The Uniting Church embarked on a journey of truth-telling in relation to Indigenous peoples with a formal apology in 1994. It committed to work together for justice and equality within the church and the wider Australian community. Over the years, we have achieved much and we have also failed often. But we continue to work together for a better future, and so it was that five years ago the Indigenous part of the Church initiated a process to have the truth of their histories told, and our commitments clearly stated, in the Constitution of the Church.
In 2010 the Uniting Church became the first major Christian denomination in Australia to formally acknowledge, in the Preamble to its Constitution, Australia’s traditional owners. The Uniting Church Constitution now acknowledges the pre-existing relationship of Indigenous people with the Creator God, and the Church’s complicity with the colonising forces in dispossessing the First Peoples from their land, culture and spirituality.
It is out of these experiences that we welcomed the announcement of the Federal Government that a referendum would be held on the recognition of Aboriginal and Torres Strait Islander Peoples in the Constitution. We were delighted to hear that, in principle, the idea had bipartisan support and that a High Level Panel, comprising Indigenous and non-Indigenous people, would be formed to consult with the Australian people and explore the options for amending the Australian Constitution.
It was, therefore, concerning that the Coalition’s Indigenous Affairs spokesman, Nigel Scullion, and Shadow Attorney-General, George Brandis, have made recent comments about the future of Constitutional reform for Indigenous Australians.

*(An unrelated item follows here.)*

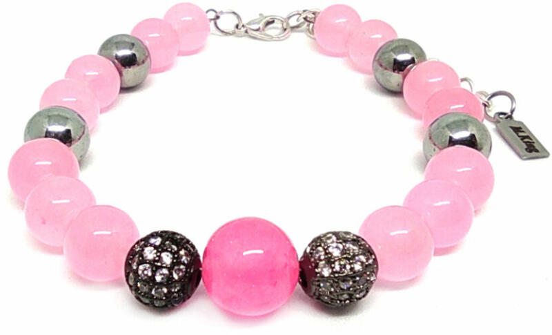 Figyelem! Nem szakad, nem nyúlik! Tartós ékszer. Kérheted csat nélküli rugalmas gumidamilra is. Amennyiben rugalmas damilra kéred, Megjegyzésbe írd be rendeléskor, hogy csat helyett rugalmas gumidamilt kérsz, és a csuklód körbemért méretét is írd meg. Az ékszer ásványai és tartozékai: – 10 és 8 mm-es pink Jade ásványok – 8 mm-es strasszos pavé charmok – 8 mm-es

Both the timing of the statements and their content appear to be deliberately designed to destabilise this vitally important endeavour.
For the last twelve months, the High Level Panel has engaged with both Indigenous and non-Indigenous members of the public – people genuinely interested in seeing the process of reconciliation furthered for the benefit of all Australians. Mr Scullion and Mr Brandis seem determined to undermine both the achievements and the overall goals of the Panel. Their comments are disrespectful to the thousands of Australians who have faithfully attended the 84 community consultations and those organisations and individuals who together made over 3500 submissions. Many Indigenous people have participated in these consultations – let us hear their voices before stating pre-determined views.
Mr Brandis and Mr Scullion appear to be trying to derailing an issue that goes to the very heart of who we are as a nation, solely for the purpose of political point-scoring. Both have been outspoken in their opposition to the inclusion of anti-discrimination provisions and the ability for the Government to make ‘special laws’ for Indigenous Australians in an amended Constitution. These statements serve only to generate fear and misunderstanding amongst the broader public. Section 51(xxvi) of the Constitution – which presently allows for governments to make laws for Australia’s First Peoples – has been flagged in the High Court of Australia as a perilously ambiguous aspect of our founding legal document. Amending this section would simply serve to clarify the pre-existing law-making powers of the government, and to strengthen the insights of the anti-discrimination legislation already in place.
It is appropriate that Constitutional recognition should follow the moving apology to the First Australians delivered by the then Prime Minister Kevin Rudd in February 2008. That apology had much in common with the classic form of Christian confession which is, in effect, not so much an act of guilty hand-wringing as an act of telling the truth to God about the glory and shame of our lives; and seeking help to deal with the consequences upon others, intended and accidental, of our attitudes and actions.
Concerns have been expressed that in the current process too much time, money and energy might be spent on ‘mere words’ and that such resources would be better spent on addressing endemic aboriginal disadvantage. That is a salutary warning. Nevertheless, words remain important. As one aboriginal Elder said during the Uniting Church debate, ‘you whitefellas write your law, your story, in books. We want to be acknowledged in your sacred Law book’.
Amending the Constitution is a vital step forward in recognising and honouring the identity and history of the First Peoples. It will benefit both Indigenous and non-Indigenous Australians alike, by allowing us as a nation to move beyond the shame and distrust that has characterised relationships of the past. Opposition to changes that have not yet been announced are based on ignorance and speculation, and is indicative of opinions that are driven by ideology rather than evidence. Such speculation will only add to division and undermine the reconciliation and justice needed in this country.